__Activity__
For this exercise, write out each entry below exactly, omitting the images.

** Provided data follows **

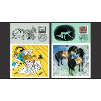 Znaczki na kartach maksimum upamiętniające 80. rocznicę urodzin szwedzkiej pisarki Astrid Lindgren.
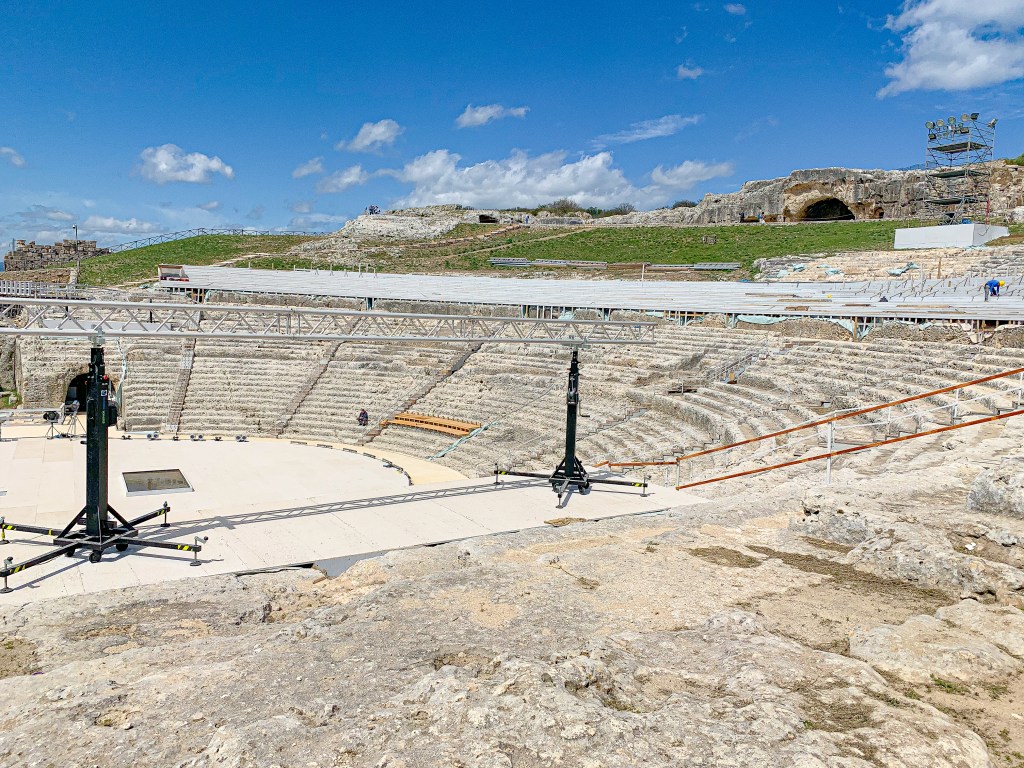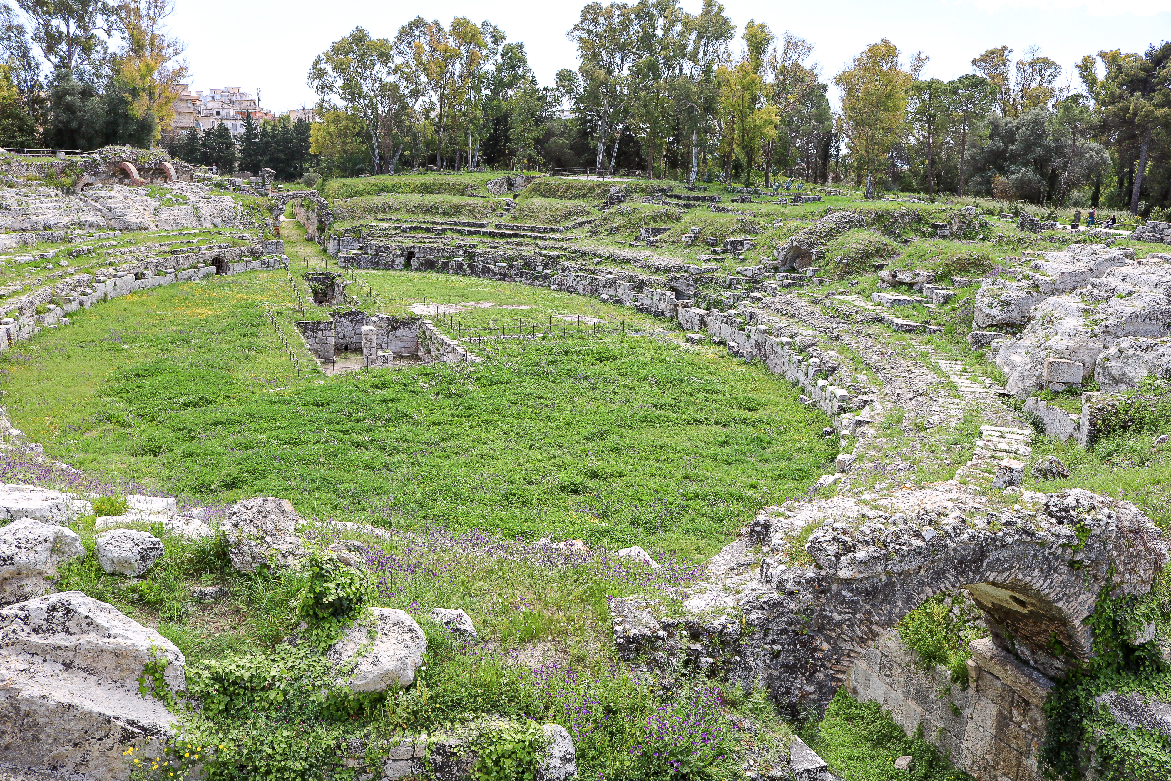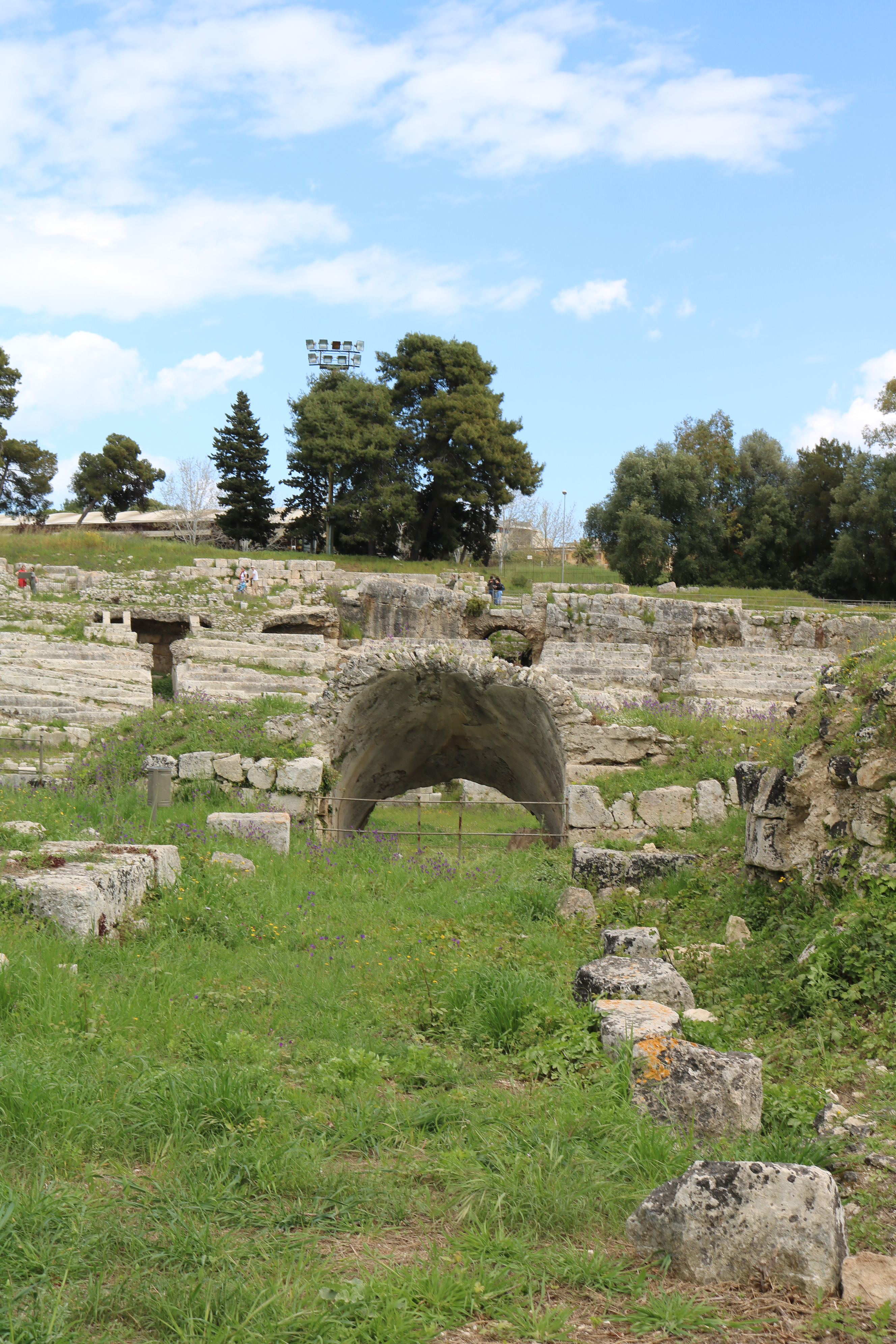 A main attraction of the archaelogical park are the ancient theatres – and there are two, one Greek, and one Roman! If you continue on the path from the Ear of Dionysius, you will reach the Greek Amphitheatre. The area was under renovation when we visited, but you can still see the theatre. From the top, there is a beautiful view of the sea! This ancient Greek Theatre is considered one of the best examples of architecture as it was carved into the rock. It was used for hundreds of years before being left to ruin. During the 16th century, stone from the theatre was taken by the Spanish explorers. The theatre was undergoing renovations when we visited, but you can still see it and walk around.
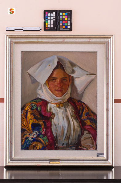 Donna di Atzara. ritratto di figura femminile in costume
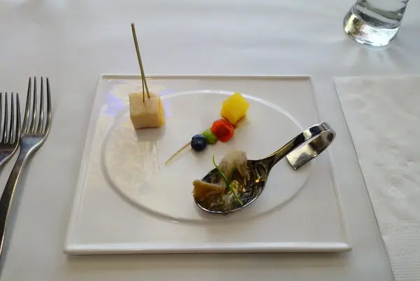 旁邊銀色湯匙裡綠色的是蠔葉 等級 & 價格都比生蠔來的更高 整個一起吃相當滑順 較可惜的是蠔葉的氣味反而不是很突顯
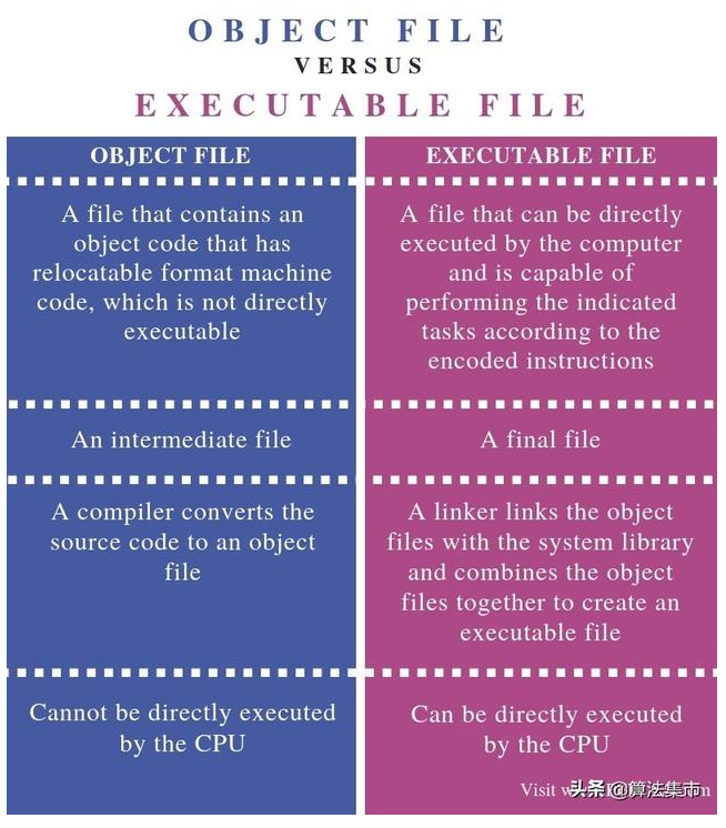 链接器将目标代码、库代码和系统标准启动代码结合在一起,形成的完整的可在操作系统下独立执行的程序,称为可执行文件。
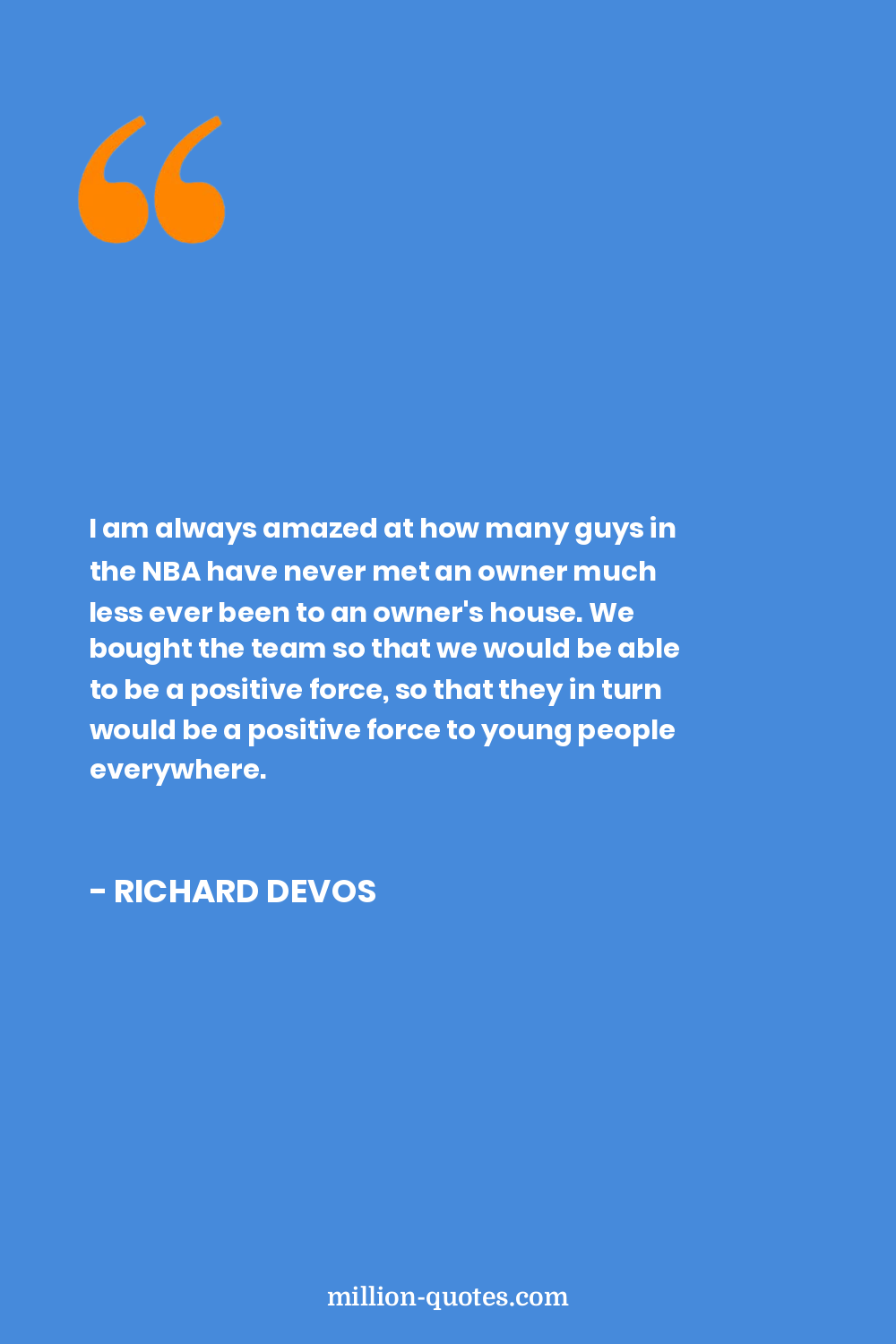 I am always amazed at how many guys in the NBA have never met an owner much less ever been to an owner's house. We bought the team so that we would be able to be a positive force, so that they in turn would be a positive force to young people everywhere.
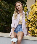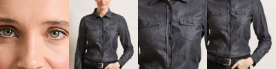 Contrast tipped details on collar, placket, arm cuffs and side vents. Side panels for a fitted shape. Bust and back darts. Three button placket.
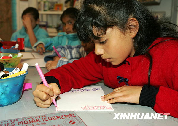 10月18日,一名女孩在墨西哥城舉辦的墨西哥第八屆圖書節(jié)上習(xí)字。本屆圖書節(jié)于10月10日開幕,19日閉幕,不僅展銷圖書,還舉辦兒童劇、手工剪紙、制陶、繪畫等各種活動(dòng),豐富了孩子們的生活。
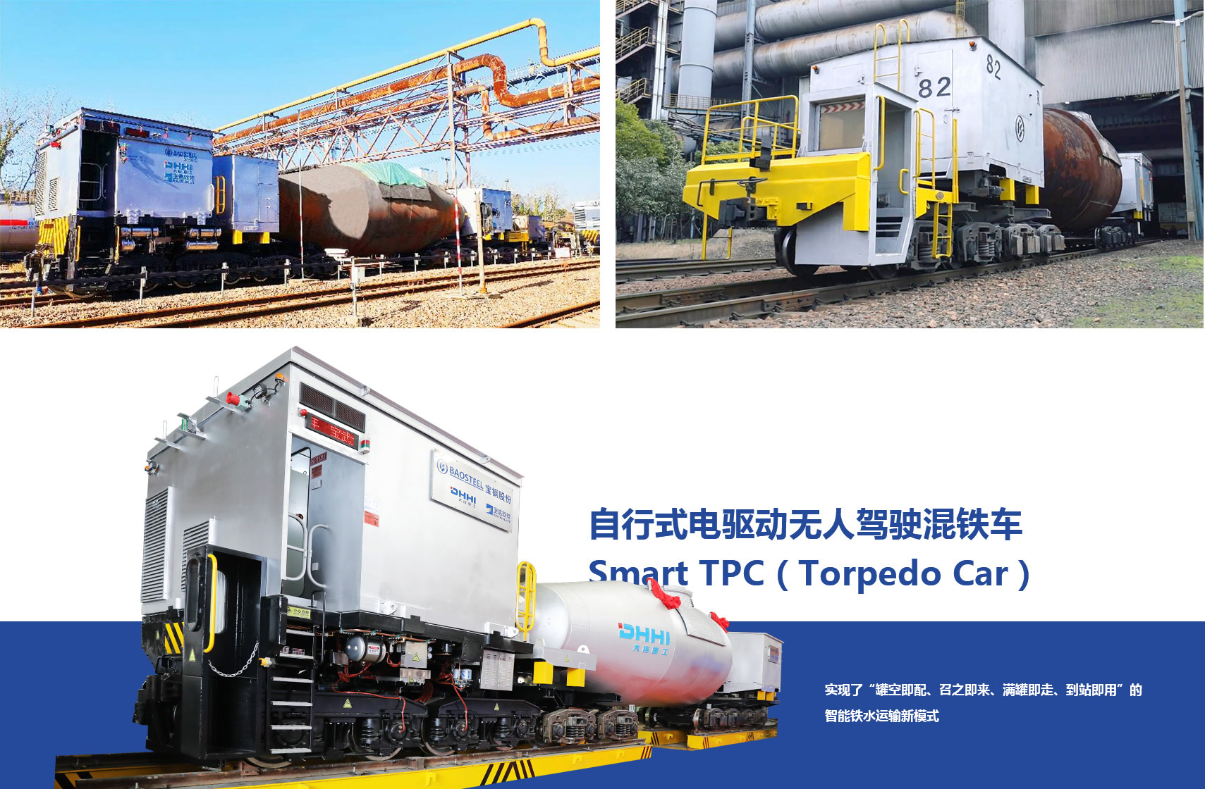 自行式电驱动无人驾驶混铁车Smart TPC(Torpedo Car)是一种绿色、智能、高效的铁水运输设备,采用自动驾驶,纯电力驱动,实现了“罐空即配、召之即来、满罐即走、到站即用”的智能铁水运输新模式,可智能、绿色、高效地完成从高炉到炼钢的铁水运输作业。
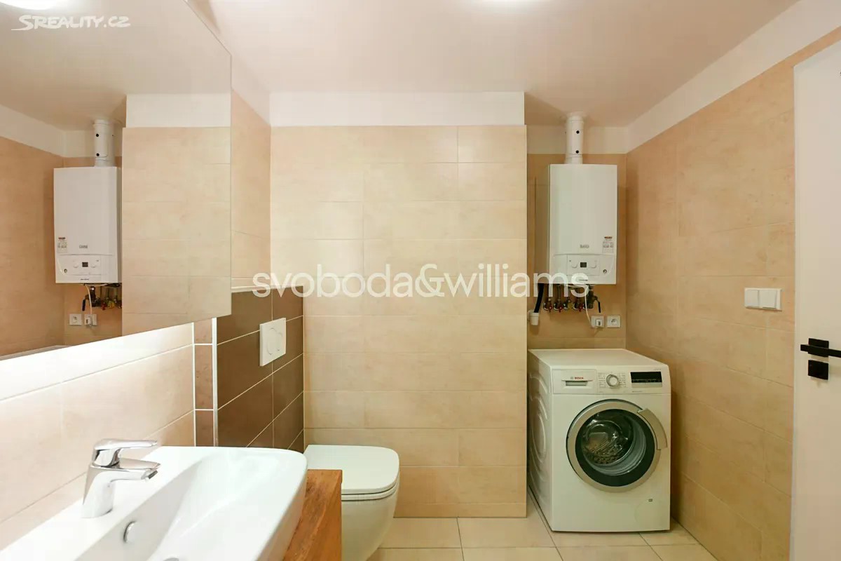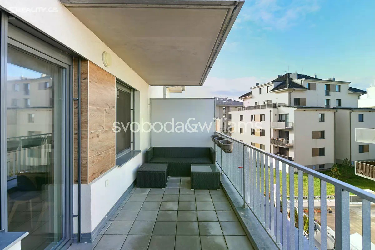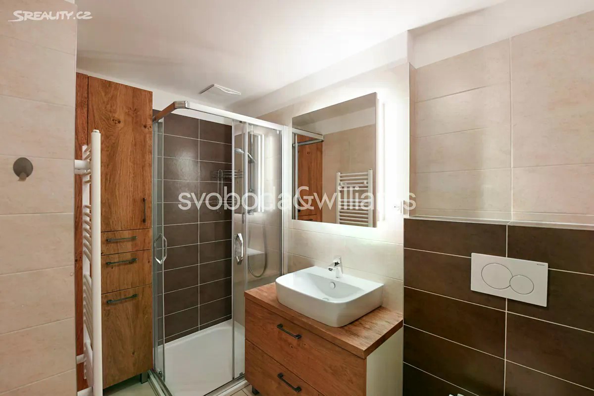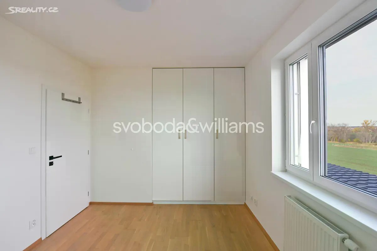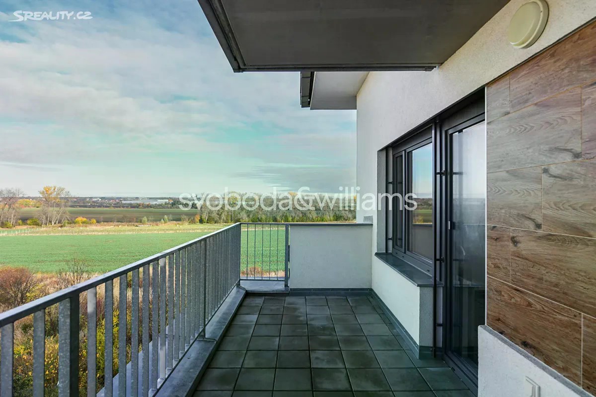 Byt s terasou, garážovým stáním a částečně zařízeným interiérem v kvalitním standardu je součástí nízkoenergetického bytového domu v moderním rezidenčním komplexu rozkládajícím se nedaleko stanice metra Zličín a přírodní památky Hostivické rybníky. Plocha bytu umístěného ve 3. podlaží je rozdělena na obývací pokoj propojený s kuchyní a jídelnou, dále 1 ložnici, koupelnu (s WC, sprchovým koutem a pračkou), předsíň a komoru. Z obývacího pokoje vede vstup na terasu s pěkným výhledem do dalekého okolí. Bytový dům byl dokončen v r. 2020. V bytě jsou dřevěné podlahy, okna mají venkovní žaluzie, vytápění řeší plynový kotel. Kuchyňská linka je plně vybavena spotřebiči Siemens, v obývacím pokoji je vinotéka, v předsíni, ložnici i koupelně jsou vestavěné skříně. K bytu přísluší garážové stání. Výborně udržovaný dům má výtah, k bezpečí osob i majetku přispívá kamerový systém. Bývalá ves a nyní součást Prahy Sobín poskytuje možnost příjemného bydlení na okraji metropole a zároveň v dosahu všeho potřebného. V místě funguje restaurace nebo prodejna potravin, další občanská vybavenost je vzdálena jen pár minut autem či autobusem. Za 8 minut lze dojet k nákupnímu centru a stanici metra Zličín, velmi rychlá je také cesta autem na letiště. Oblast zpříjemňují cyklostezky, upravená zeleň kolem domů a přírodní památka Hostivické rybníky. Podlahová plocha 50,9 m2, terasa 11,4 m2.
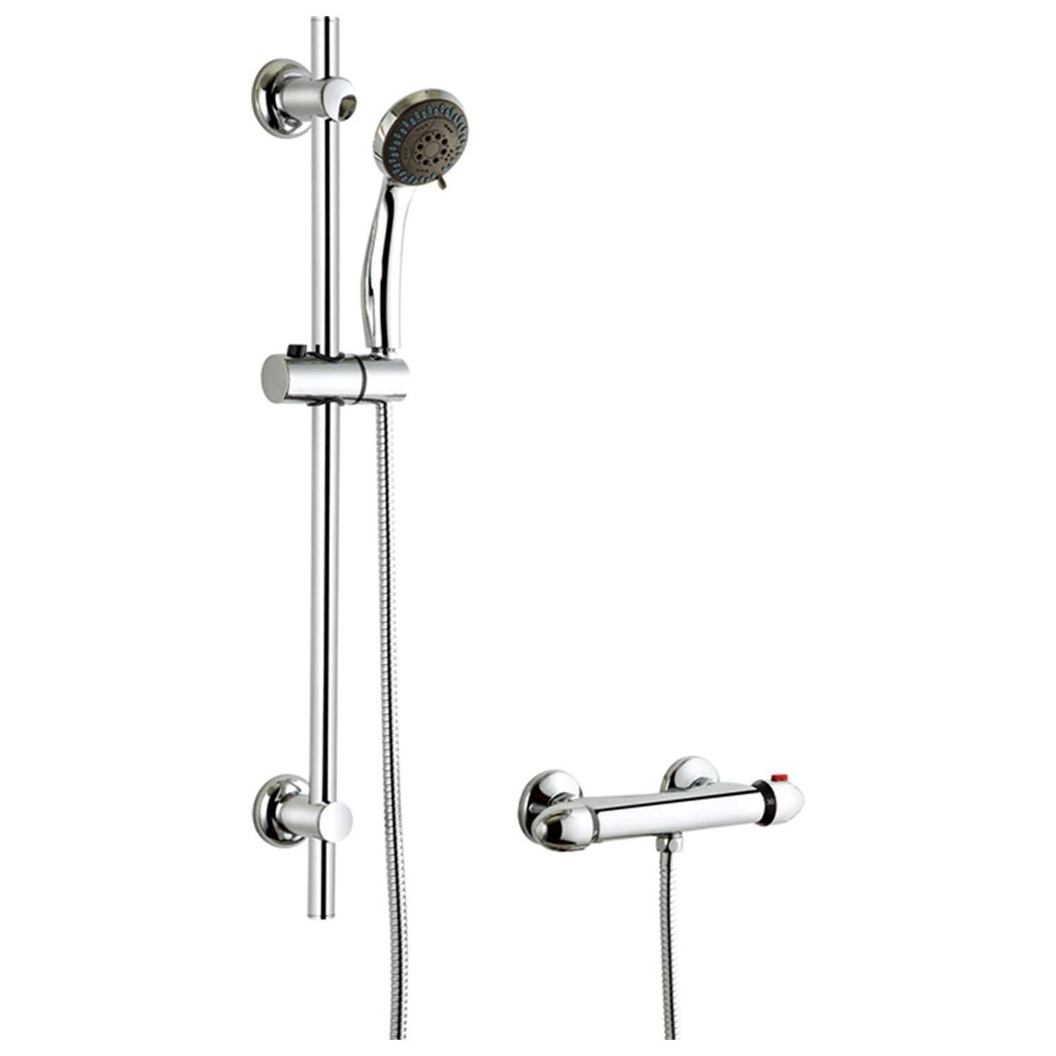 Thermostatic Shower Mixer Bar Single Lever Exposed Bath Shower Mixer Valve Anti Scald Tap, Hot Cold Water Mixer Constant Temperature Control for Bathroom - Chrome

** End of Provided data **

__Task answer__
 Znaczki na kartach maksimum upamiętniające 80. rocznicę urodzin szwedzkiej pisarki Astrid Lindgren.
 A main attraction of the archaelogical park are the ancient theatres – and there are two, one Greek, and one Roman! If you continue on the path from the Ear of Dionysius, you will reach the Greek Amphitheatre. The area was under renovation when we visited, but you can still see the theatre. From the top, there is a beautiful view of the sea! This ancient Greek Theatre is considered one of the best examples of architecture as it was carved into the rock. It was used for hundreds of years before being left to ruin. During the 16th century, stone from the theatre was taken by the Spanish explorers. The theatre was undergoing renovations when we visited, but you can still see it and walk around.
 Donna di Atzara. ritratto di figura femminile in costume
 旁邊銀色湯匙裡綠色的是蠔葉 等級 & 價格都比生蠔來的更高 整個一起吃相當滑順 較可惜的是蠔葉的氣味反而不是很突顯
 链接器将目标代码、库代码和系统标准启动代码结合在一起,形成的完整的可在操作系统下独立执行的程序,称为可执行文件。
 I am always amazed at how many guys in the NBA have never met an owner much less ever been to an owner's house. We bought the team so that we would be able to be a positive force, so that they in turn would be a positive force to young people everywhere.
 Contrast tipped details on collar, placket, arm cuffs and side vents. Side panels for a fitted shape. Bust and back darts. Three button placket.
 10月18日,一名女孩在墨西哥城舉辦的墨西哥第八屆圖書節(jié)上習(xí)字。本屆圖書節(jié)于10月10日開幕,19日閉幕,不僅展銷圖書,還舉辦兒童劇、手工剪紙、制陶、繪畫等各種活動(dòng),豐富了孩子們的生活。
 自行式电驱动无人驾驶混铁车Smart TPC(Torpedo Car)是一种绿色、智能、高效的铁水运输设备,采用自动驾驶,纯电力驱动,实现了“罐空即配、召之即来、满罐即走、到站即用”的智能铁水运输新模式,可智能、绿色、高效地完成从高炉到炼钢的铁水运输作业。
 Byt s terasou, garážovým stáním a částečně zařízeným interiérem v kvalitním standardu je součástí nízkoenergetického bytového domu v moderním rezidenčním komplexu rozkládajícím se nedaleko stanice metra Zličín a přírodní památky Hostivické rybníky. Plocha bytu umístěného ve 3. podlaží je rozdělena na obývací pokoj propojený s kuchyní a jídelnou, dále 1 ložnici, koupelnu (s WC, sprchovým koutem a pračkou), předsíň a komoru. Z obývacího pokoje vede vstup na terasu s pěkným výhledem do dalekého okolí. Bytový dům byl dokončen v r. 2020. V bytě jsou dřevěné podlahy, okna mají venkovní žaluzie, vytápění řeší plynový kotel. Kuchyňská linka je plně vybavena spotřebiči Siemens, v obývacím pokoji je vinotéka, v předsíni, ložnici i koupelně jsou vestavěné skříně. K bytu přísluší garážové stání. Výborně udržovaný dům má výtah, k bezpečí osob i majetku přispívá kamerový systém. Bývalá ves a nyní součást Prahy Sobín poskytuje možnost příjemného bydlení na okraji metropole a zároveň v dosahu všeho potřebného. V místě funguje restaurace nebo prodejna potravin, další občanská vybavenost je vzdálena jen pár minut autem či autobusem. Za 8 minut lze dojet k nákupnímu centru a stanici metra Zličín, velmi rychlá je také cesta autem na letiště. Oblast zpříjemňují cyklostezky, upravená zeleň kolem domů a přírodní památka Hostivické rybníky. Podlahová plocha 50,9 m2, terasa 11,4 m2.
 Thermostatic Shower Mixer Bar Single Lever Exposed Bath Shower Mixer Valve Anti Scald Tap, Hot Cold Water Mixer Constant Temperature Control for Bathroom - Chrome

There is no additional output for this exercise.